**Work task:**
Quote only the span from the first line of the entries to the line containing "Confezione da 3", both ends kept. Leave every picture out.

(Recorded data)

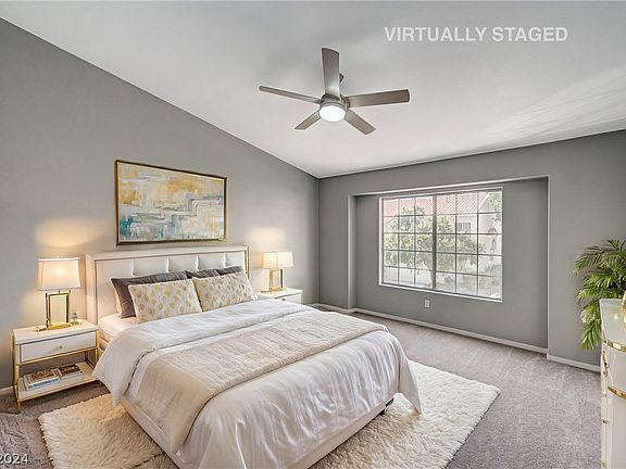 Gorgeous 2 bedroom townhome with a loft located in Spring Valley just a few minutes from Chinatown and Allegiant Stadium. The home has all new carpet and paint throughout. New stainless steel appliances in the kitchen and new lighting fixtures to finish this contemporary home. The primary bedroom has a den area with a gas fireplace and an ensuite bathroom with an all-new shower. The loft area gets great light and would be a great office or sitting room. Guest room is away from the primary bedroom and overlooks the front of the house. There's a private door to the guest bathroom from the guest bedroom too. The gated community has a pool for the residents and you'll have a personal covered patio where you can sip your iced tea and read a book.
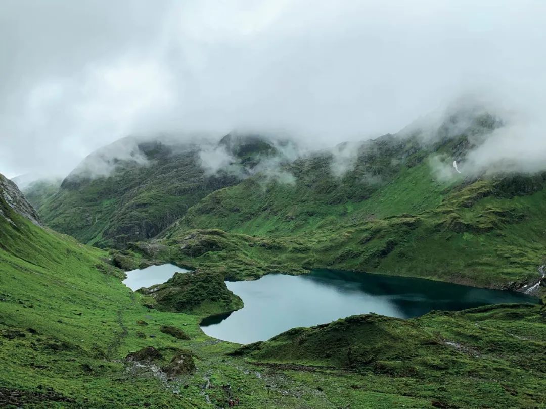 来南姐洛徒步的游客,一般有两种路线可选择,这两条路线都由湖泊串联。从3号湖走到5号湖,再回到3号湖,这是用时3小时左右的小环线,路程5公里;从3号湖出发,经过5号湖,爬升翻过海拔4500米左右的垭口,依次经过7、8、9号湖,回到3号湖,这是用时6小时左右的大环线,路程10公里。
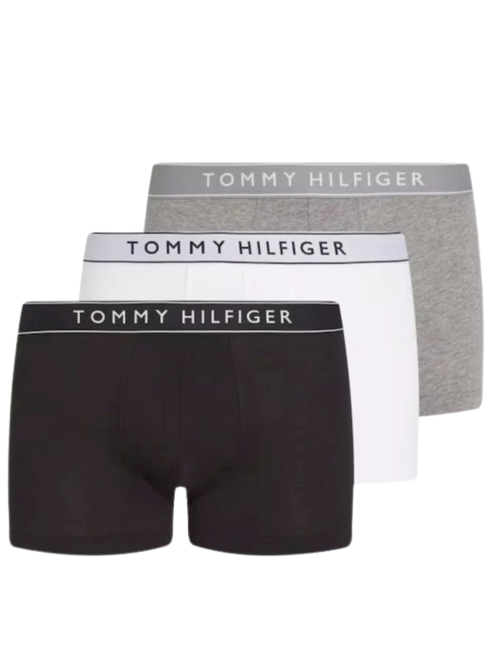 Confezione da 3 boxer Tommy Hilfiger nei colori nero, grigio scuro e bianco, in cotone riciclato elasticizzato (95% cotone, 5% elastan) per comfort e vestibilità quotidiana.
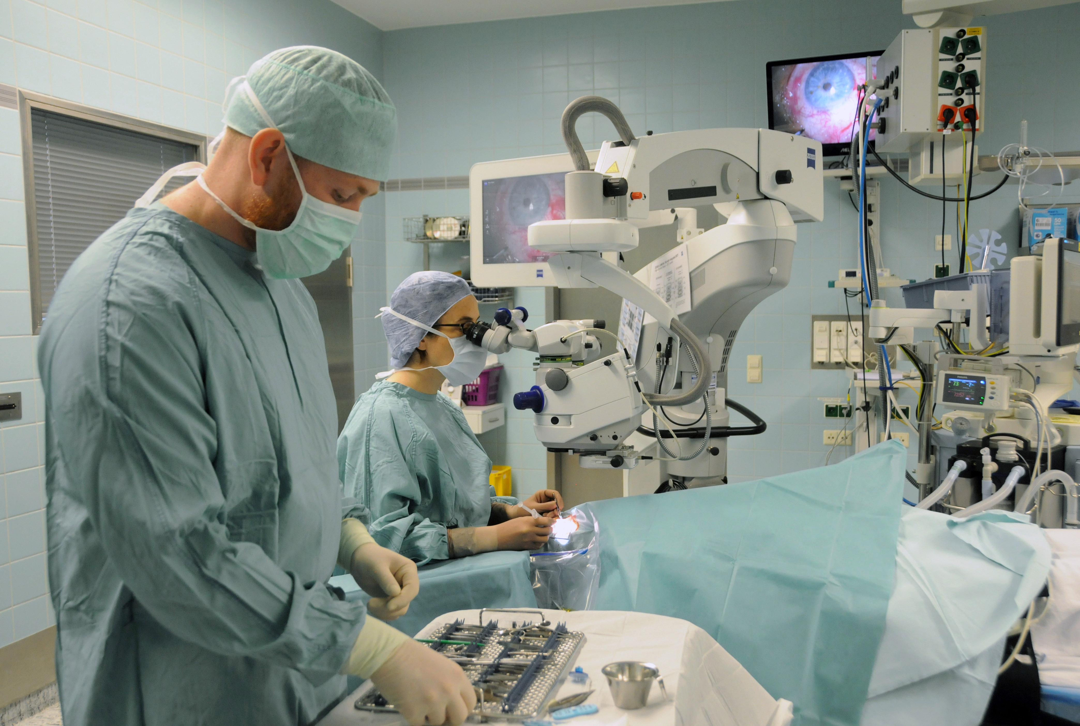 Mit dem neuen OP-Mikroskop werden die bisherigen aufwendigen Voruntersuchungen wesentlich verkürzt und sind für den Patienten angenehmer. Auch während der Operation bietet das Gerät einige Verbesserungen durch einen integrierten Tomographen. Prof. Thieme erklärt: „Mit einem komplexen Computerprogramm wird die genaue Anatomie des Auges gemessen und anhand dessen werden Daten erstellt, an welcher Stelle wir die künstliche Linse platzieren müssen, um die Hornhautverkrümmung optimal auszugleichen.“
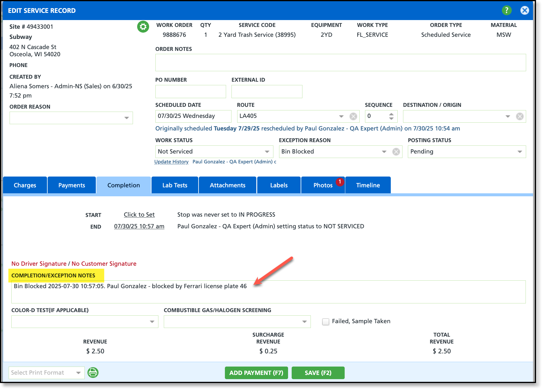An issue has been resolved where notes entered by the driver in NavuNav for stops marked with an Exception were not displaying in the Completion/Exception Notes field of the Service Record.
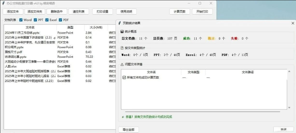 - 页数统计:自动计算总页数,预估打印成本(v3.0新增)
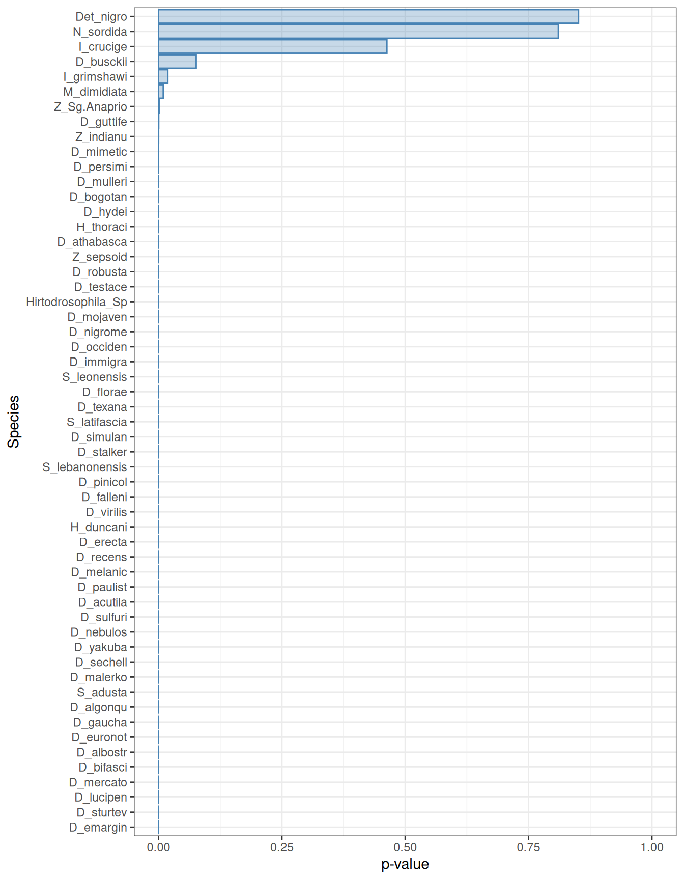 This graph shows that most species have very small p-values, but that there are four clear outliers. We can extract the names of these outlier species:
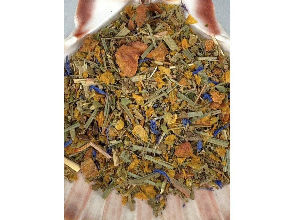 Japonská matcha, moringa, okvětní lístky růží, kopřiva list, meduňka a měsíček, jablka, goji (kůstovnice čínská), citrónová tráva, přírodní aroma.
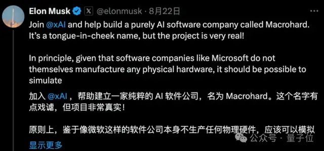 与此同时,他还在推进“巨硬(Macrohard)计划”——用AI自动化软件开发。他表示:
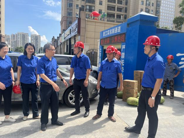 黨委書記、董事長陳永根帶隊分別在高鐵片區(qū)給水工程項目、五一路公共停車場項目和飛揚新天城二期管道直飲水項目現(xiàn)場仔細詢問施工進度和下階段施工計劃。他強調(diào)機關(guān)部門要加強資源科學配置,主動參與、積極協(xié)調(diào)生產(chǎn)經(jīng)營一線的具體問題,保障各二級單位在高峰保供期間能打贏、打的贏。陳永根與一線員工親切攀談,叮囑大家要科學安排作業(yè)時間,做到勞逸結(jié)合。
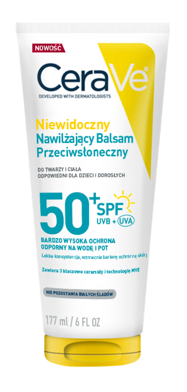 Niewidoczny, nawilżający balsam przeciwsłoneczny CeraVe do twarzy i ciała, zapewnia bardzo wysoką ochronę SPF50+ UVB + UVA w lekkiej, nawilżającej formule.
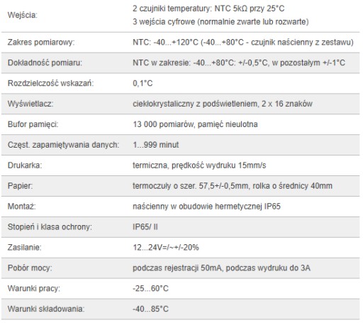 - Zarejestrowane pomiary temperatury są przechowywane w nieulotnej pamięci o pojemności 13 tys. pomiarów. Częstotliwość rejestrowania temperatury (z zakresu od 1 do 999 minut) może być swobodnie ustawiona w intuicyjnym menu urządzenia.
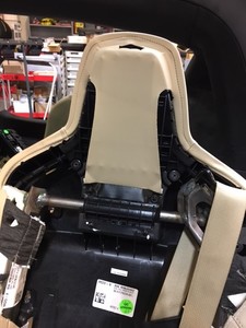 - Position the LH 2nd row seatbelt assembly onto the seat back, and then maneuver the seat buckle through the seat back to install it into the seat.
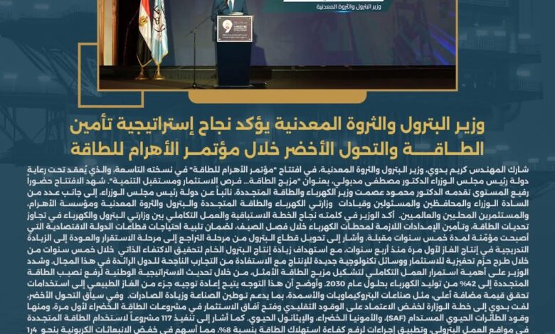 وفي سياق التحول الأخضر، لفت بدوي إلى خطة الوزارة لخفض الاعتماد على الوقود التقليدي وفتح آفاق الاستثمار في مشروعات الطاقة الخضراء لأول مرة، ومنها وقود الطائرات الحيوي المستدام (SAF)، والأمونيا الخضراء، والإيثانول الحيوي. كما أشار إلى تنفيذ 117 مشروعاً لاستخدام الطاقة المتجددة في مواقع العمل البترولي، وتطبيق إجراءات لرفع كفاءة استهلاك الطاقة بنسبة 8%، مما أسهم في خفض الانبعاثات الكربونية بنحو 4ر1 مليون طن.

**Answer for this exercise:**
 Gorgeous 2 bedroom townhome with a loft located in Spring Valley just a few minutes from Chinatown and Allegiant Stadium. The home has all new carpet and paint throughout. New stainless steel appliances in the kitchen and new lighting fixtures to finish this contemporary home. The primary bedroom has a den area with a gas fireplace and an ensuite bathroom with an all-new shower. The loft area gets great light and would be a great office or sitting room. Guest room is away from the primary bedroom and overlooks the front of the house. There's a private door to the guest bathroom from the guest bedroom too. The gated community has a pool for the residents and you'll have a personal covered patio where you can sip your iced tea and read a book.
 来南姐洛徒步的游客,一般有两种路线可选择,这两条路线都由湖泊串联。从3号湖走到5号湖,再回到3号湖,这是用时3小时左右的小环线,路程5公里;从3号湖出发,经过5号湖,爬升翻过海拔4500米左右的垭口,依次经过7、8、9号湖,回到3号湖,这是用时6小时左右的大环线,路程10公里。
 Confezione da 3 boxer Tommy Hilfiger nei colori nero, grigio scuro e bianco, in cotone riciclato elasticizzato (95% cotone, 5% elastan) per comfort e vestibilità quotidiana.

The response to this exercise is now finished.